Tuesday, February 13, 2007

More on Shapiro’s Book

Continuing to range broadly in order to gain a perspective on The Merchant of Venice, Shapiro reviews the history of antisemitism. Stereotypes of Jews were numerous, involving both physical and personal characteristics – virtually all ugly! These stereotypes naturally played a role in the depiction of Jewish converts and Jews living as Christians in England in Elizabethan times. “Catalogues of Jewish villainy” appeared in plays in Elizabethan times, Shapiro points out. A Jew could often be depicted as a “murderer, poisoner, usurer, and political interloper.” (p. 92)

Shapiro describes the history of popular English attitudes towards conversion from Judaism to Chritianity. The faith of converted Jews was always in doubt: “When a mouse shall catch a cat, then a Jew converted to be a Christian will remain a firm Christian.” So said Thomas Calvert in 1648. (p. 131)

Jews in Elizabethan England were always aliens without citizenship, though there were ways for them to become more naturalized.

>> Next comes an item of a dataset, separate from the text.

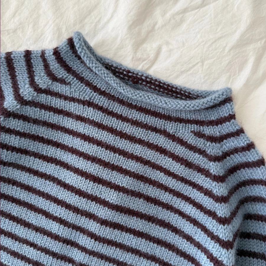 Frankie Sweater si lavora dall'alto verso il basso con aumenti raglan sullo sprone. Si lavorano i ferri accorciati lungo la parte posteriore del collo per modellare la scollatura. Le maniche si lavorano in tondo con ferri a doppia punta o circolari. Frankie Sweater si lavora a righe sottili.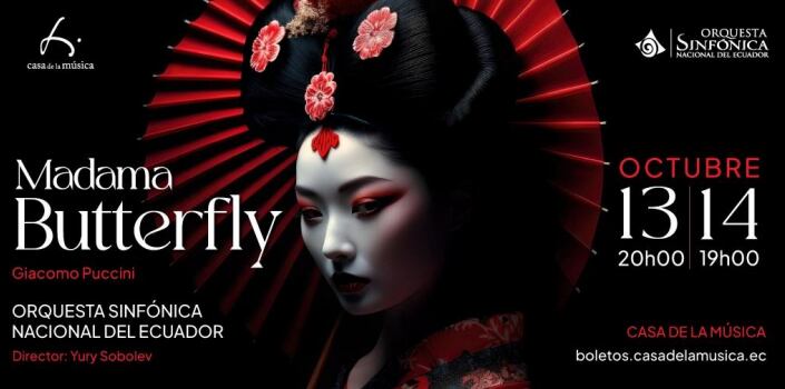 La Casa de la Música y la Orquesta Sinfónica Nacional del Ecuador presentan Madama Butterfly, una de las óperas más aclamadas de la historia de la música y obra maestra del gran compositor italiano Giacomo Puccini.

Jewish immigrants had both economic and social incentives and disincentives for conversion – in many cases these were more important than religious motives. Women (like Shylock’s daughter Jessica) were often supposed in fiction or popular impressions to convert for love. Shapiro points out that the conventional view of a Jewish woman who converted was that she was young, and that marriage to a Christian movivated her, while male converts were usually depicted as old, unmarried, and undesireable.

“There is no way of knowing whether Elizabethans witnessing a performance of The Merchant of Venice left the theater doubting the sincerity of either Jessica’s or Shylock’s conversion,” says Shapiro. “For some, perhaps, instances of Jewish apostasy they had read or heard about or seen onstage left open the possibility that these ‘Christian Jews’ would turn once again; no doubt, for others, the conversion of Jessica and her father were irreversible and confirmed the rightness of the Christian faith.” (p. 165)

This book is full of interesting detail all adding up to the purpose of showing a cultural history and how Shakespeare’s play fits into it. The Merchant drew on existing ideas of what Jews were and how they fit into English society and self-concept. Then as time went on, The Merchant made a huge contribution to how the English saw the Jews and saw their relationship to society. I can only mention what Shapiro does, not reproduce it.